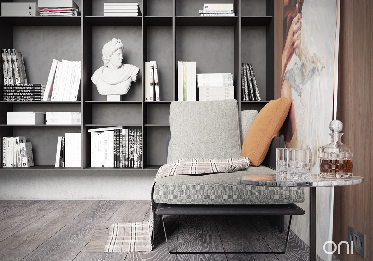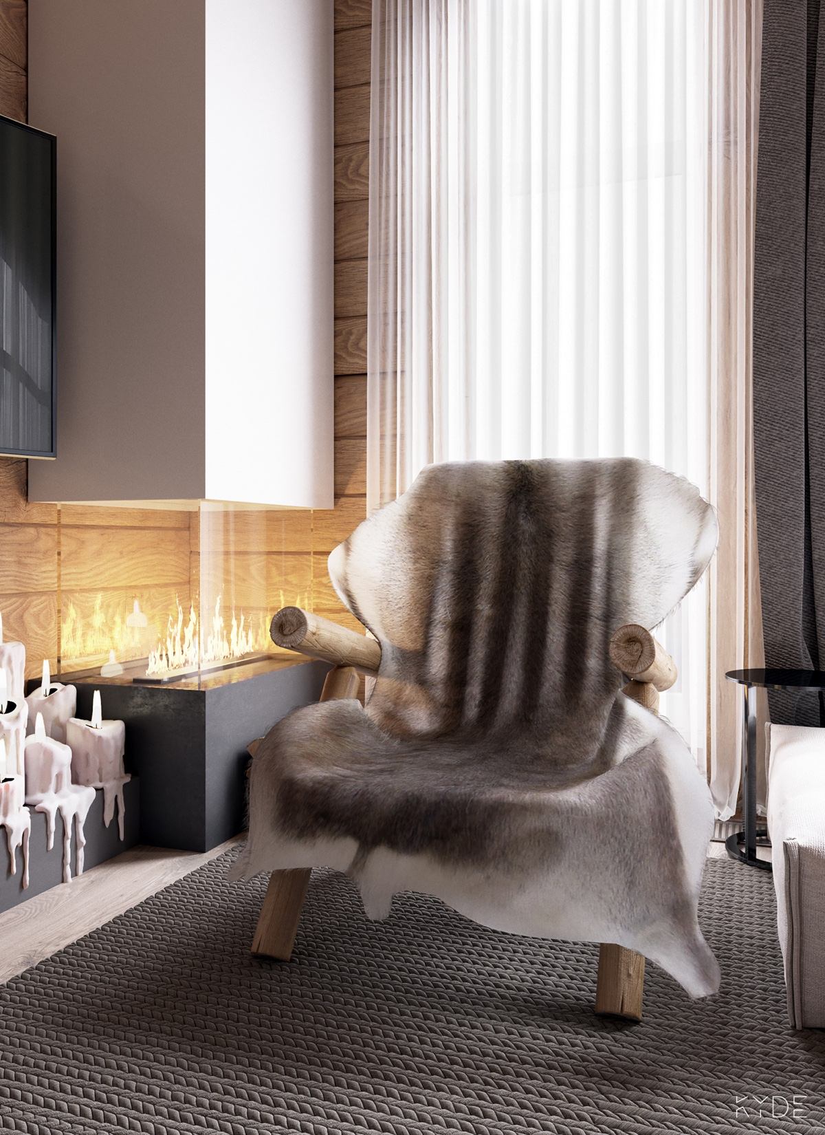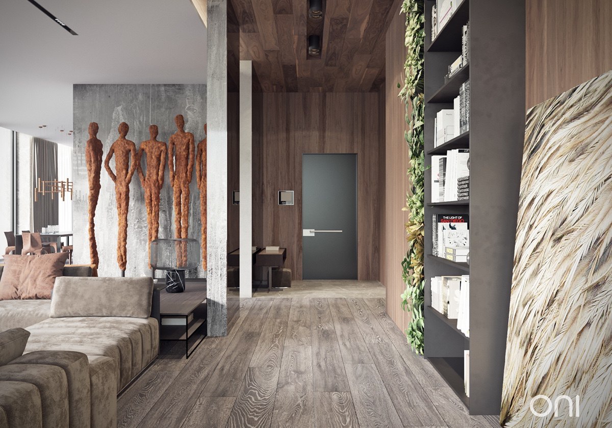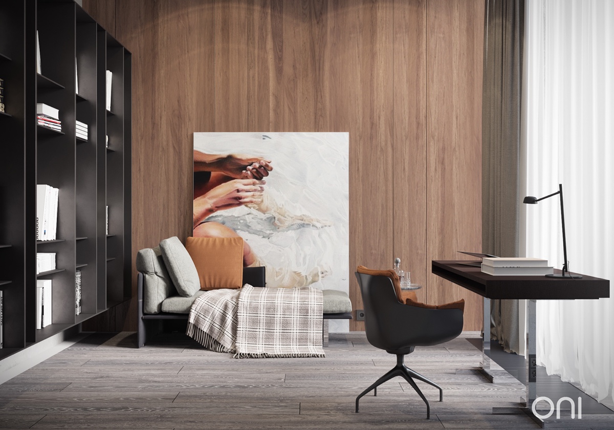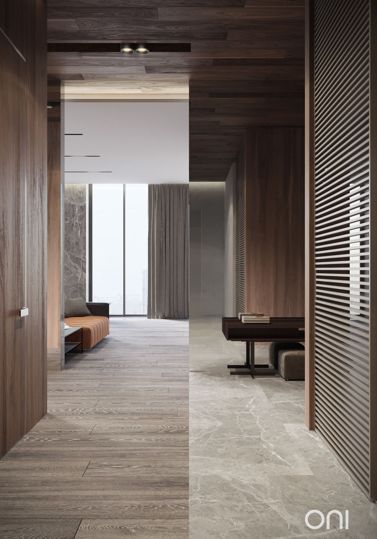 Вторият апартамент е с площ от 180 кв.м. и се намира в Москва. Тук също виждаме интериор решен в дърво, но усещането е много по-модерно и семпло, което е видимо най-вече в детайлите. Въпреки строгото усещане, тук лъха и на комфорт, за което допринасят дългите удобни дивани. Този кабинет, например е доста по-различен от клишето. Снабден е със специален кът за четене, който изглежда примамливо приветлив. Спалнята е голяма, а минималистичният интериор я прави изключително Дзен.
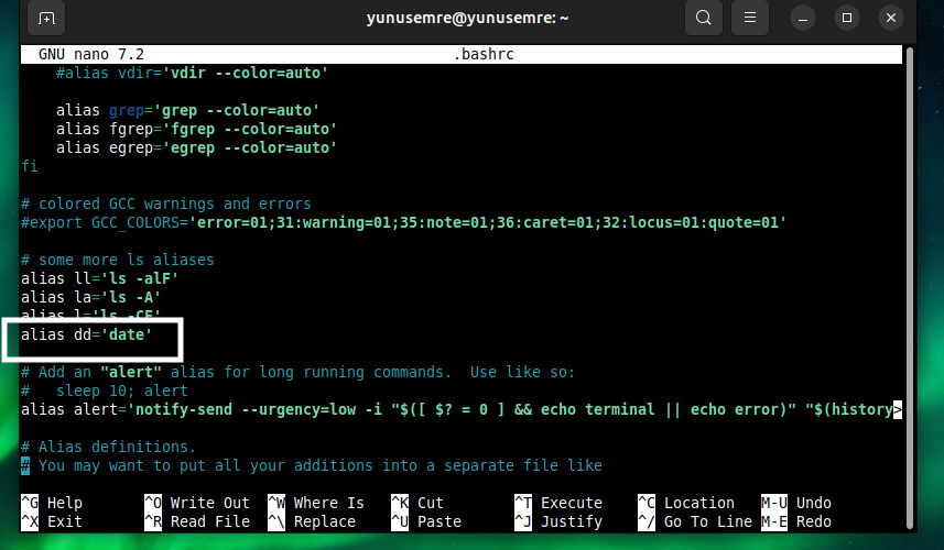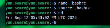 Daha sonra nano ile düzenlediğim .bashrc dosyamı mevcut shell ortamına uyguluyorum ve çalıştırdığımda artık date olarak tanımdalığımız komutu dd yazarak çalıştırabiliyorum.
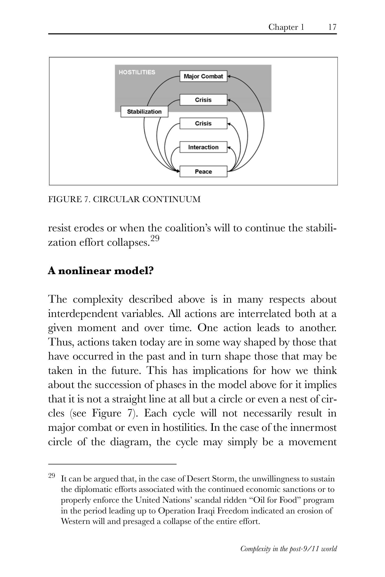 上述复杂性在诸多方面体现为相互依存变量(interdependent variables)的特性。所有行动不仅在特定时刻相互关联,且在时间维度上亦彼此关联。一个行动引发另一个行动。因此,今日采取的行动在某种程度上受过往行动所塑造,同时亦将塑造未来可能采取的行动。这对我们在思考前述模型中各阶段的演替方式具有启示意义——它意味着该模型根本不是一条直线,而是一个圆圈,甚至是一组嵌套的圆圈(见图7)。每个循环未必导致重大作战,甚至未必引发敌对行动。就图中最内层圆圈而言,该循环可能仅体现为从和平状态转向某种形式的互动,例如通过军事存在或外交接触强化稳定的威慑机制(deterrence regime)。或者,如向外一层的圆圈所示,它可能体现为对某种危机——人道主义、经济、政治或军事危机——的反应,继而再次回归和平。这些循环亦可反映如再外一层所示的危机:该危机跨越至某种敌对行动形式,但所涉军事行动未达到重大作战行动的规模,或体现于危机响应本身,或体现于危机后稳定行动(post-crisis stabilization operations)中。最后,在最外层圆圈中,该循环可能包含深入敌对区域的重大作战行动。
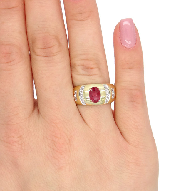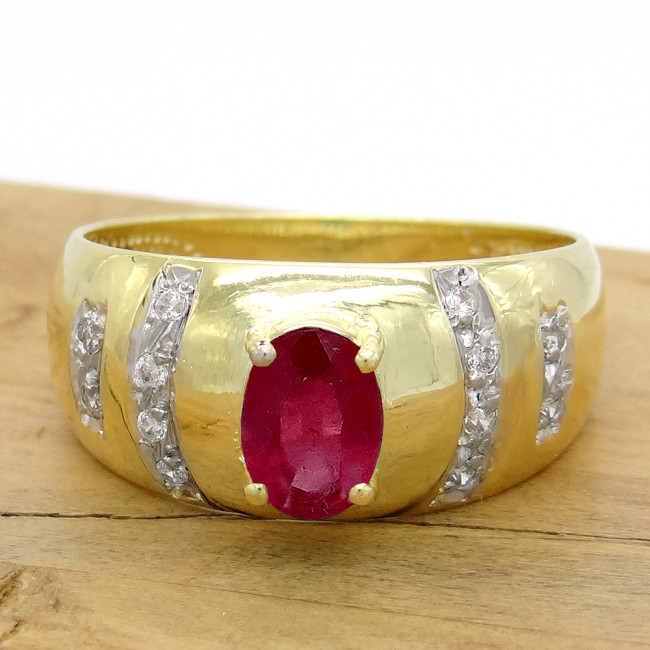 Anel com Rubi de 1 Ct e 12 Diamantes, em Ouro Amarelo 18 Kilates
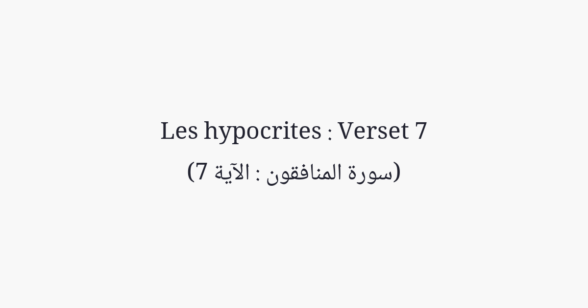 Ce sont eux qui disent: «Ne dépensez point pour ceux qui sont auprès du Messager d'Allah, afin qu'ils se dispersent». Et c'est à Allah qu'appartiennent les trésors des cieux et de la terre, mais les hypocrites ne comprennent pas.
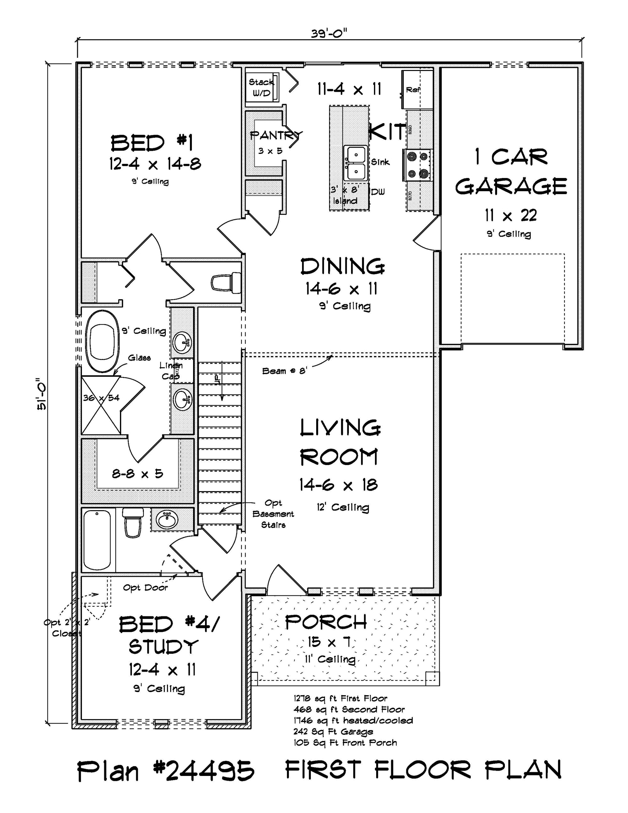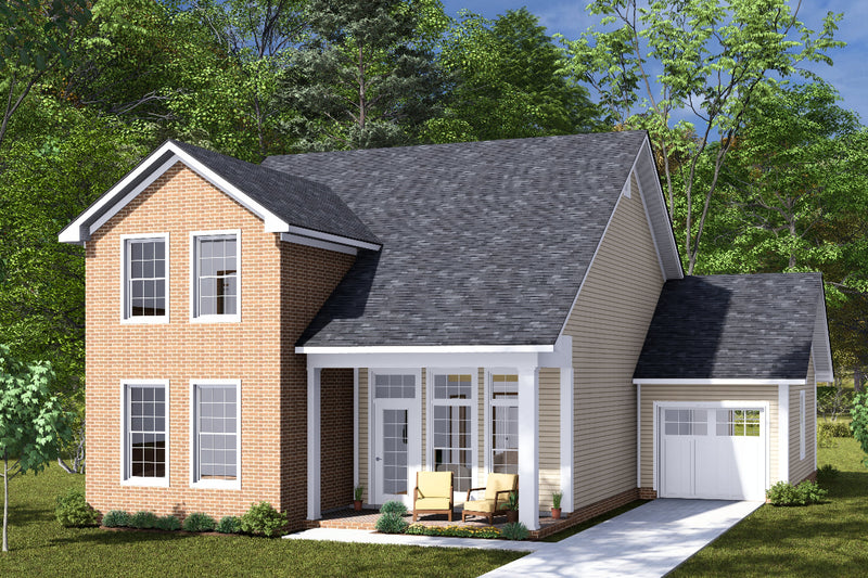 This well-designed 1,746 sq ft home features a functional and efficient layout with 4 bedrooms and 3 bathrooms. The open-concept first floor includes a spacious living area, a kitchen with a convenient island and walk-in pantry, and a master suite with ample closet space. The first floor has two bedrooms with one room as an option for a home office/study. The second floor provides additional living space with 468 sq ft, locates another two bedrooms with 8' ceiling height. A covered 105 sq ft front porch adds curb appeal and space for outdoor relaxation. The 242 sq ft garage offers room for 1 vehicle with a front-loading design. Built on a slab foundation with 2x4 wall framing, truss roof framing, and an 8:12 roof pitch, this home offers both style and functionality.
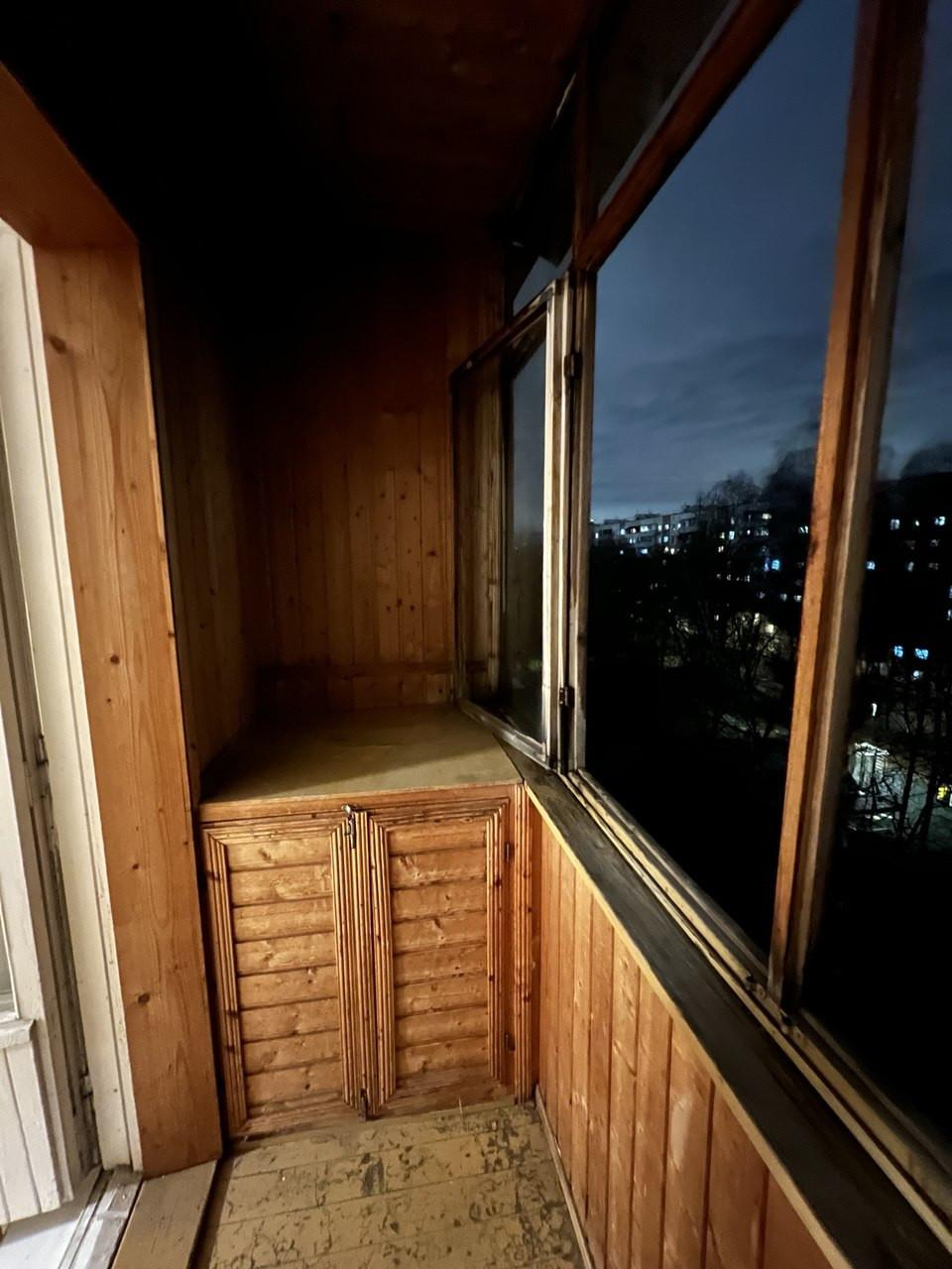 В квартире есть застекленный балкон со встроенными шкафами.

**HOW TO COMPLETE THIS TASK**
Copy the entire listing exactly but skip the pictures.

**COMPLETED TASK**
 Вторият апартамент е с площ от 180 кв.м. и се намира в Москва. Тук също виждаме интериор решен в дърво, но усещането е много по-модерно и семпло, което е видимо най-вече в детайлите. Въпреки строгото усещане, тук лъха и на комфорт, за което допринасят дългите удобни дивани. Този кабинет, например е доста по-различен от клишето. Снабден е със специален кът за четене, който изглежда примамливо приветлив. Спалнята е голяма, а минималистичният интериор я прави изключително Дзен.
 Daha sonra nano ile düzenlediğim .bashrc dosyamı mevcut shell ortamına uyguluyorum ve çalıştırdığımda artık date olarak tanımdalığımız komutu dd yazarak çalıştırabiliyorum.
 上述复杂性在诸多方面体现为相互依存变量(interdependent variables)的特性。所有行动不仅在特定时刻相互关联,且在时间维度上亦彼此关联。一个行动引发另一个行动。因此,今日采取的行动在某种程度上受过往行动所塑造,同时亦将塑造未来可能采取的行动。这对我们在思考前述模型中各阶段的演替方式具有启示意义——它意味着该模型根本不是一条直线,而是一个圆圈,甚至是一组嵌套的圆圈(见图7)。每个循环未必导致重大作战,甚至未必引发敌对行动。就图中最内层圆圈而言,该循环可能仅体现为从和平状态转向某种形式的互动,例如通过军事存在或外交接触强化稳定的威慑机制(deterrence regime)。或者,如向外一层的圆圈所示,它可能体现为对某种危机——人道主义、经济、政治或军事危机——的反应,继而再次回归和平。这些循环亦可反映如再外一层所示的危机:该危机跨越至某种敌对行动形式,但所涉军事行动未达到重大作战行动的规模,或体现于危机响应本身,或体现于危机后稳定行动(post-crisis stabilization operations)中。最后,在最外层圆圈中,该循环可能包含深入敌对区域的重大作战行动。
 Anel com Rubi de 1 Ct e 12 Diamantes, em Ouro Amarelo 18 Kilates
 Ce sont eux qui disent: «Ne dépensez point pour ceux qui sont auprès du Messager d'Allah, afin qu'ils se dispersent». Et c'est à Allah qu'appartiennent les trésors des cieux et de la terre, mais les hypocrites ne comprennent pas.
 This well-designed 1,746 sq ft home features a functional and efficient layout with 4 bedrooms and 3 bathrooms. The open-concept first floor includes a spacious living area, a kitchen with a convenient island and walk-in pantry, and a master suite with ample closet space. The first floor has two bedrooms with one room as an option for a home office/study. The second floor provides additional living space with 468 sq ft, locates another two bedrooms with 8' ceiling height. A covered 105 sq ft front porch adds curb appeal and space for outdoor relaxation. The 242 sq ft garage offers room for 1 vehicle with a front-loading design. Built on a slab foundation with 2x4 wall framing, truss roof framing, and an 8:12 roof pitch, this home offers both style and functionality.
 В квартире есть застекленный балкон со встроенными шкафами.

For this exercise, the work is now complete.